いや、そんなはずはないと思い調べてみるが、結果は以下であり、違和感の勝ちだった。(村上春樹氏は1949年生まれ)

1978年4月1日、明治神宮野球場で行われたプロ野球開幕戦、ヤクルトスワローズ対広島東洋カープ戦を観戦していた村上は、試合中に突然小説を書くことを思い立ったという。それは1回裏、ヤクルトの先頭打者のデイブ・ヒルトンが二塁打を打った瞬間のことだった。当時ジャズ喫茶を経営していた村上は、真夜中に1時間ずつ4か月間かけてこの小説を完成させた。村上にとってまったくの処女作である。

Wikipediaより抜粋

この目標(もしくは憧れ)は村上春樹氏の『騎士団長殺し』を読み終えた2021年(著者の長編はこの時に全て読み終わった)に生まれたので、大体3年前から煩わしく寄生虫のように頭の片隅を陣取っている。

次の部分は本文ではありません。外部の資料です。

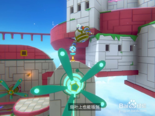 然后用弓箭瞄準(zhǔn)激活曝氣即可,我第一次在每個(gè)扇葉上都放置了一把劍,所以我射的是下面的一把,最后想想好像只要一把就可以了
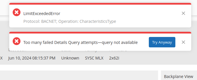 Hinweis: Sie können die Option Trotzdem versuchen verwenden, um mit aktiven Abfragen für Geräten oder Netzwerke fortzufahren, und so das Limit für die Anzahl der aktiven Abfrageversuche überschreiben.

なぜ27歳と29歳を勘違いしてしまったかはこの際どうでも良い。”書き終わった”という事実に水を差すのはやめたいと思う。阿呆の一作であったとしても、ひとまず一つの物語を生み出したことには変わりないから。ただ2年”早まって”しまっただけ。

とにかくここで伝えたいのは、村上春樹氏に敬意と感謝を伝えたいという事であって、この作品に多くの道を与えて頂いた。タイトルでお気づきになる方もいるかもしれないが、影響風をじゃばじゃばと受けている。


◆創作対象2024 応募作:黄金を巡る冒険


この恩は村上春樹氏の翻訳本も全て買って返そうと思っている。(現在20冊ほどは持っているので、あと50冊くらい)

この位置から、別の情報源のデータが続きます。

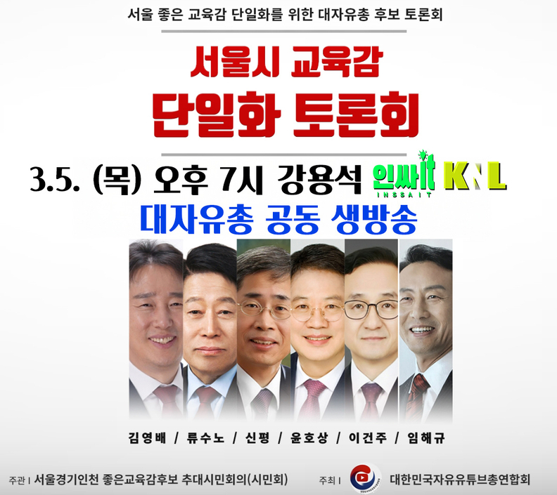 대한민국자유유튜브총연합회(이하 대자유총)는 오는 5일 오후 7시 ‘서울시 교육감 단일화 토론회’를 개최한다고 3일 밝혔다.

もちろん他に影響を受けた作家も多く、おそらく、「影響を受けた作家(アーティスト)は誰ですか?」なんて誰にも聞かれないだろうから、自発的にたくさん書いておこうと思う。

  • 村上春樹

  • 宮沢賢治

  • 夏目漱石

  • 阿部公房

  • カート・ヴォネガット(ジュニア)

  • 荒木飛呂彦

  • 荒川弘

  • 宮崎駿

  • ヨルシカ

  • 今井むつみ

  • ゆる言語ラジオの二人

この本の走り出しは、ひとまず「概念の消滅」が起点としてスタートした。
病は気から、という言葉がある。ありふれた文句だ。なら、この文句の”気”はどこから発生しているのか? 

それは言葉かもしれない。そう思った。

「風邪流行っているらしいね」
「昨日の食材賞味期限切れてたかも」
「病んでるんじゃない?」

こんな言葉聞くたびに、あれ、なんか、となんて考えてしまう。言われなければ何も無かったはずなのに、これこれだけど風邪かな?やっぱり○○かも。なんてこじつけが始まる。

一年前に、たまたま整体に行く機会があった。特に何も悪いところは無いと思っていたが、整体師に「骨盤が歪んでますね」と言われた。
人間歪むもんでしょう、と思いながらも、まずいことでもあるのか聞き返したところ、当たり前のように「腰痛の原因になります」と言われた。

その日から妙に腰を気にするようになってしまった。特段痛む訳でもないのだが、ちょっとした時に伸びをすると、背中から腰にかけての筋繊維がぴきっとする気がする。だが今のところ腰痛の症状は全く出ていないから、おそらくその痛みも気のせいだろうけど。

こんな風に、言葉からこじつけるバイアスが人には生得的に備わっているのではないだろうか。
ならば、人は総体的な概念を恣意的に着色しているのではないだろうか。

そう思うと、ある言葉が存在しない「透明な世界」を見てみたいと思った。

言語には「知らないけど何か分かる」という本質が存在するのではないかと思っている。工学系大学の出身のため言語学という学問には全く触れてこなかった。なのでそれは本当にただ思っていただけ、の階層に留まっていたけれど、あるときあるポットキャストを見つけた。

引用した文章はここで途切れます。